Created by Briancua (talk). Self nominated at 20:57, 9 October 2013 (UTC).
- Good article, and the hook is simple and effective. I'd say its ready. ViperSnake151 Talk 04:31, 10 October 2013 (UTC)
- It's a nice little article, but I'm surprised by this review: I noticed issues in the article when cleaning up this submission, but didn't have time to do a full review. What I did see makes me wonder whether ViperSnake151 actually read the source given for this hook, FN2. There is nothing in the source or article about a "first public school system" here, just a first public school. School systems are completely different animals. But that's minor: the point here is that there is a clear dispute as to whether Dedham had the first public school or not. Both Rehoboth and Boston have competing claims, and the date given in the article for Dedham, January 1, 1643, doesn't even match the date on the plaque shown in the source. The article needs to be far more clear about the dates and the competing claims, and the fact that the source and experts quoted haven't come to a conclusion on the various claims, not to mention the potential calendar discrepancies. The hook—which I have struck due to its issues—cannot present a clearly disputed claim as fact.
- There is also the problem that the article needs more sourcing. The "Closed schools" and "Associated organizations" sections need at least one inline source citation per paragraph; both have none. Once this has been taken care of, the article adjusted to lay out the competing claims, and a new hook devised, it will be ready for further review. I look forward to seeing the revised material. BlueMoonset (talk) 06:07, 10 October 2013 (UTC)
- New reviewer needed to recheck the article and its sources, and make sure the issues raised have been addressed. Thanks. BlueMoonset (talk) 19:32, 1 November 2013 (UTC)

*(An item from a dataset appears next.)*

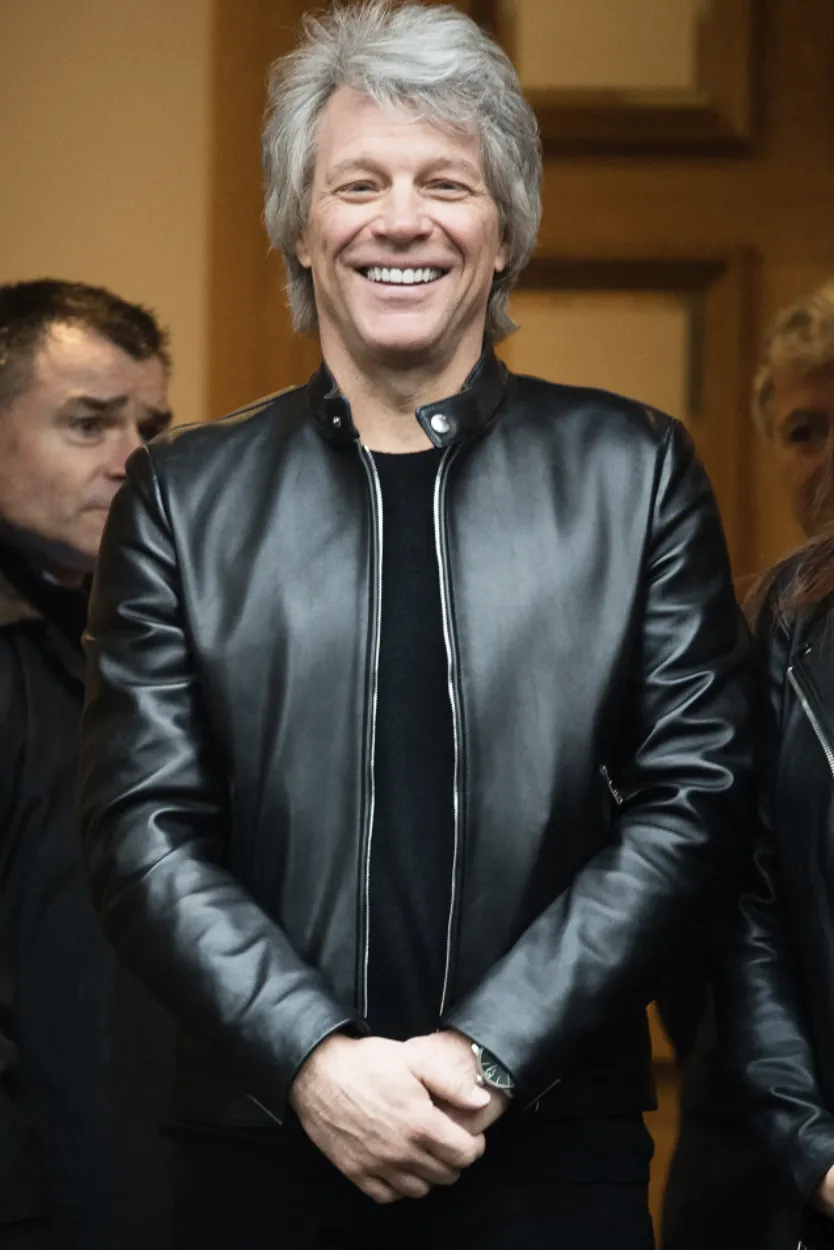 Jon Bon Jovi 的造型近年來自然的沈穩許多,變得更加優雅,而關鍵就是一件簡單的拉鍊皮夾克,由 John Varvatos 所設計,他是一位專門製作奢華搖滾氛圍的設計師,就像 Ralph Lauren 專門設計學院風一樣。

- Ahh little towns fighting for those tourism dollars... Always a fun slog to sort out. So anyways I looked at the article and sources and.. I don't know. I did change some stuff in the article because I don't feel the sources back it up. The most glaring thing I noticed was when the vote to establish the school took place. As detailed on the talk page the article had said it took place on Nov 2, 1644 while the only source I could find that mentions a date says "first day of the eleventh month" so its definitely not Nov 2. The plaque in the town says Jan 1, which may or may not be consistent with what the source says (calendar changes ftw... not). I made a few other changes for verifibility and consistency and if you want the reasoning for those, see my edit summaries. Also, in the process of my research on this I noticed that most of the content in the History section of the article was copied almost verbatim from the second paragraph of History of Dedham, Massachusetts, 1635–1792#Firsts, which is ok but it might disqualify this from DYK because of the length requirement. If the length thing is ok (still getting used to the new DYK rules), I would support running the article since the length/date stuff is fine and I'm about as sure as I can be that the present article is accurate. It might be better though to use the following alt hook to be sure it is accurate: Thingg⊕⊗ 03:43, 3 November 2013 (UTC)

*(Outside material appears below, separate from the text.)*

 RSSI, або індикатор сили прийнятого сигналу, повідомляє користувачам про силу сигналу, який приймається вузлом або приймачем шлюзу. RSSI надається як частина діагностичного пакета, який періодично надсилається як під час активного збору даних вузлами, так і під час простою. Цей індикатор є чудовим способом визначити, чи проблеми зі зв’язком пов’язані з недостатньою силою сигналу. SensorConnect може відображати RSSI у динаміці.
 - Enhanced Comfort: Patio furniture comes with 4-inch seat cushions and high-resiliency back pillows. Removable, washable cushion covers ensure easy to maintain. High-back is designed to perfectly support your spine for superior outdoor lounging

- ALT2: ... that the Dedham Public Schools had the first public school in the United States to be exclusively supported by taxes?

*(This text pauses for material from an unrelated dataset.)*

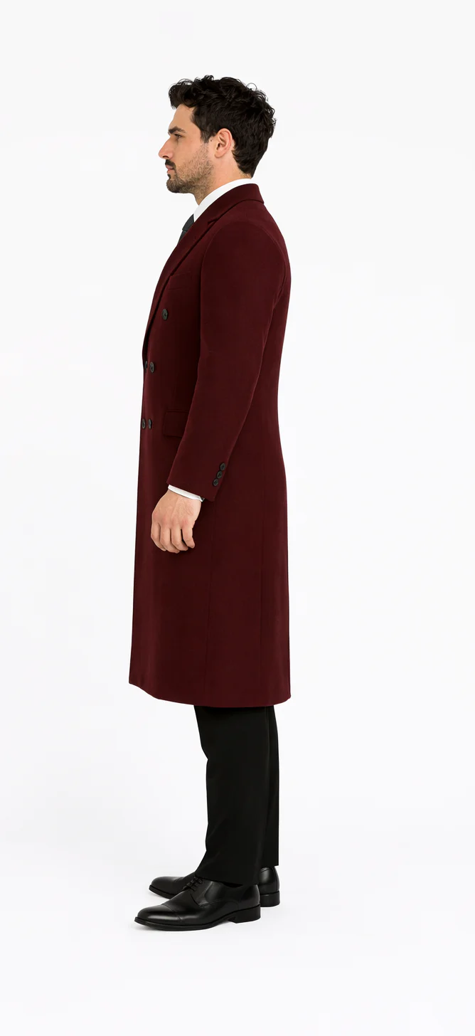 The rich dark burgundy shade offers a bold yet refined statement, exuding confidence, authority, and individuality. Its deep tone captures the essence of classic European fashion—perfect for formal occasions, business meetings, weddings, and elegant winter outings. This overcoat’s elongated silhouette creates a commanding presence, enhancing posture while maintaining a clean, structured drape that flatters every physique.

- Well, "first day of the eleventh month" was likely January 1, since England had New Year's Day as Ascension Day (March 25) until 1752, and Massachusetts was an English colony. The year would have technically been 1644, I suppose, but we'd think of it today as 1645; I believe the current nomenclature for these dates from January 1 through March 24 is 1644/5. (Note that the Slater source, FN2, lists a meeting two years [minus a day] earlier as January 2, 1642-3.) As for the copying of content from other Wikipedia articles, it's allowed, though the edit summary should give credit to the originating article. According to DYK rules, any copied material requires 5x expansion, so the article needs to be at least five times as large as the copied material. By my count, the copied material from that part of the History article was 360 characters, which would require the article to be at least 1800 prose characters as opposed to the minimum 1500 for new articles; as this article is 4306 prose characters, it more than qualifies. BlueMoonset (talk) 18:22, 3 November 2013 (UTC)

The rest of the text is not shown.